Bacterial Endotoxins Test 〈85〉—

It contains not more than 0.125 USP Endotoxin Unit per mg.

pH 〈791〉:

between 4.0 and 7.0 in a solution prepared as directed for Injections and Implanted Drug Products 〈1〉, Specific Tests, Completeness and clarity of solutions, determined 30 minutes after its preparation.

Water Determination, Method I 〈921〉:

not more than 0.3%.

Other requirements—

It meets the requirements for Sterility Tests 〈71〉, Uniformity of Dosage Units 〈905〉, and Labeling 〈7〉, Labels and Labeling for Injectable Products.

2 Assay—

Mobile phase, Internal standard solution, Standard preparation, and Chromatographic system—Prepare as directed in the Assay under Ifosfamide.

Assay preparation—

Select an accurately counted number of containers of Ifosfamide for Injection, the combined contents of which are equivalent to about 6 g of Ifosfamide. Dissolve the contents of each container in water and combine all of the solutions in a 1000-mL volumetric flask. Rinse each container with water, and add the rinsings to the volumetric flask. Dilute with water to volume, and mix. Transfer 10.0 mL of the resulting solution to a 100-mL volumetric flask, add 4.0 mL of Internal standard solution, dilute with water to volume, and mix.

Procedure—

Proceed as directed for Procedure in the Assay under Ifosfamide.

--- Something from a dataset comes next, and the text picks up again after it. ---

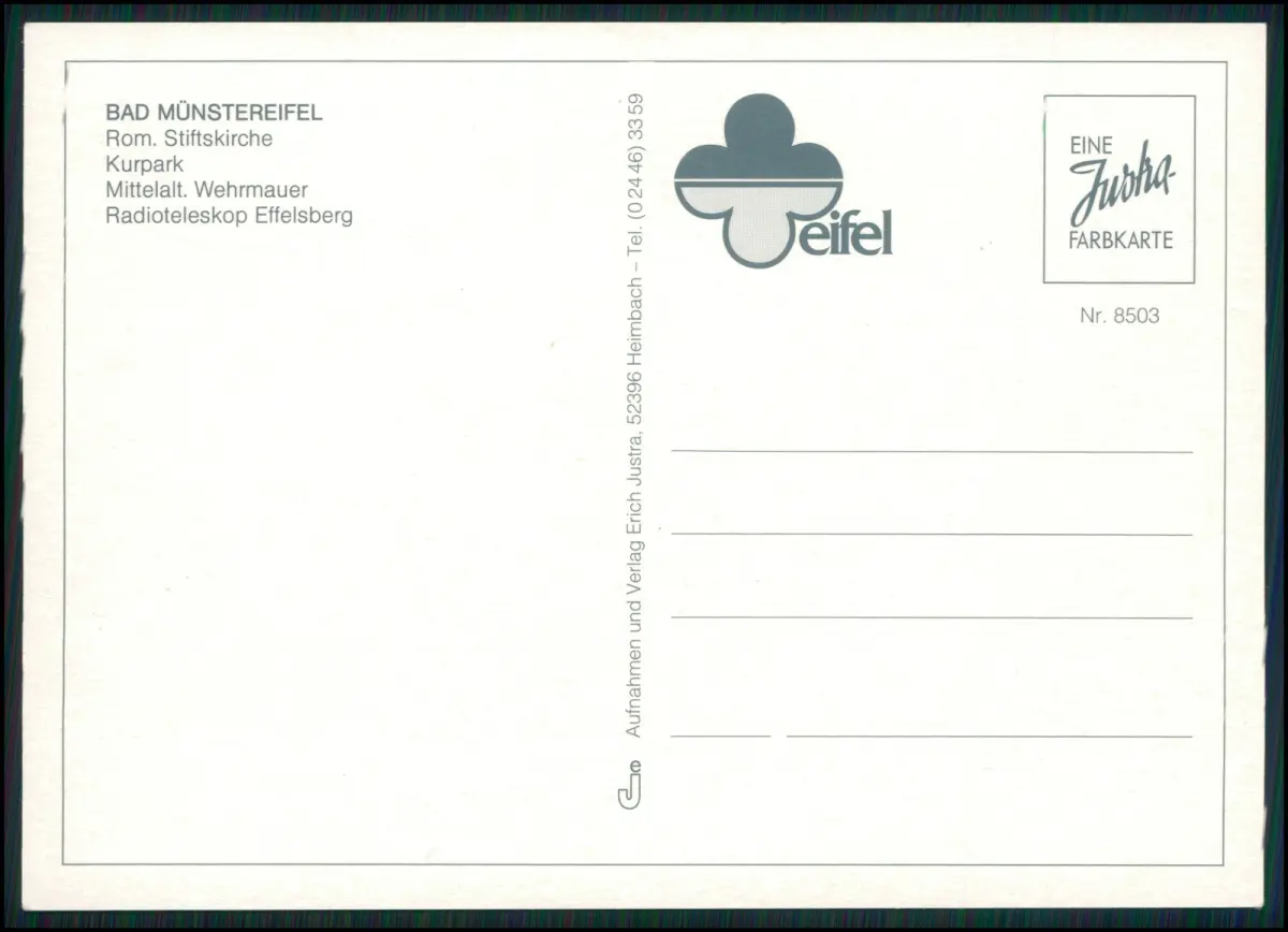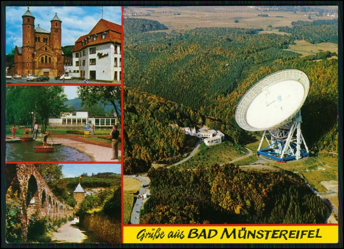 Mehrbildige Karte mit Stiftskirche, Kurpark, Wehranlage, großem Radioteleskop Effelsberg und Umgebung.

Calculate the quantity, in g, of C₇H₁₅Cl₂N₂O₂P in each container of Ifosfamide for Injection taken by the formula:

10(C/N)(Rᵤ / Rₛ)

in which C is the concentration, in mg per mL, of USP Ifosfamide RS in the Standard preparation;

N is the number of containers selected for the Assay preparation;

and Rᵤ and Rₛ are the ratios of the responses of the ifosfamide peak to the ethylparaben peak obtained from the Assay preparation and the Standard preparation, respectively.